FIG. 1 is a system diagram showing an embodiment of the automatic chemical analyzer of the present invention, and FIG. 2 is a configuration diagram showing the main parts of the device of this embodiment.
Figures 3 to 5 are layout diagrams showing how the calibration solution container used in the device of this embodiment is placed in constant temperature water, and Figure 6 is an automatic chemical analyzer of another invention to which the principles of the present invention are applied. 7 is a schematic plan view of the conventional example,
FIGS. 8 and 9 are configuration diagrams showing the main parts of the conventional example. DESCRIPTION OF SYMBOLS 1... Constant temperature bath, 2... Reaction container, 8... Electrode (ion selective electrode), 12... Colorimetric measurement system, 13... Electrode measurement system, 14...
... Calibration liquid container, 16.16a ... Supply channel, 23.
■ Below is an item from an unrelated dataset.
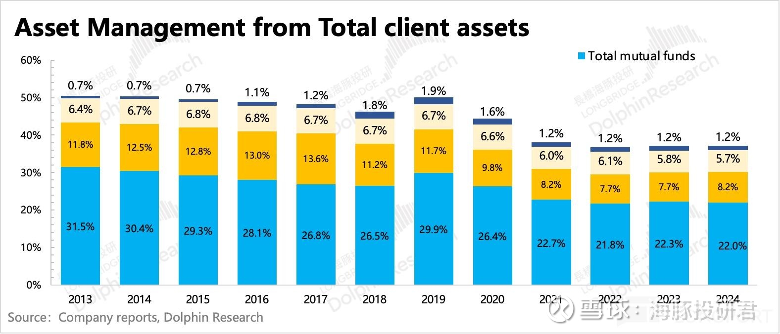换句话说,尽管利息周期会带来短期扰动,但长期视角下,净息差增长的核心驱动还是客户总资产 AUM。利息业务如此,那就更不用说本身就与 AUM 直接关联的交易收入和财富管理收入了。

・・Joint part. Figure 2 Figure 3 Figure 6 Figure 7

Claims (8)

[Claims] (1) In an automatic chemical analyzer that moves a reaction container holding a reaction solution intermittently in a fixed cycle and alternately measures the amount of electrolyte in the reaction solution and the calibration solution using an electrolyte measurement electrode provided in the movement path, An automatic chemical analyzer characterized in that a calibration solution container for exclusively supplying a calibration solution is provided on a moving path corresponding to the position of the electrode. (2) The automatic chemical analyzer according to claim 1, wherein the calibration liquid container is immersed in constant temperature water. (3) The automatic chemical analyzer according to claim 2, wherein the calibration solution is supplied from the top of the calibration solution container and discharged from the bottom. (4) The automatic chemical analyzer according to claim 2, wherein the supply flow path is connected to the calibration liquid container via a joint part, and the joint part is arranged outside the constant temperature water. (5) The automatic chemical analyzer according to claim 2, wherein the supply channel is connected to the calibration liquid container, and the inner volume of the portion immersed in the constant temperature water is larger than the amount of the calibration liquid supplied at one time. (6) The automatic chemical analyzer according to claim 5, wherein the portion of the supply channel immersed in the constant temperature water is fixed in the constant temperature water. (7) a measuring means that continuously supplies only the calibration solution to the electrode and repeatedly measures the calibration solution according to the actual measurement cycle;
An automatic chemical analysis apparatus characterized by comprising: judgment means for judging whether the operation of the measurement system after the calibration liquid supply system is good or bad based on the result of the measurement means. (8) The automatic chemical analyzer according to claim 7, wherein the determining means determines pass/fail by referring to a preset tolerance value.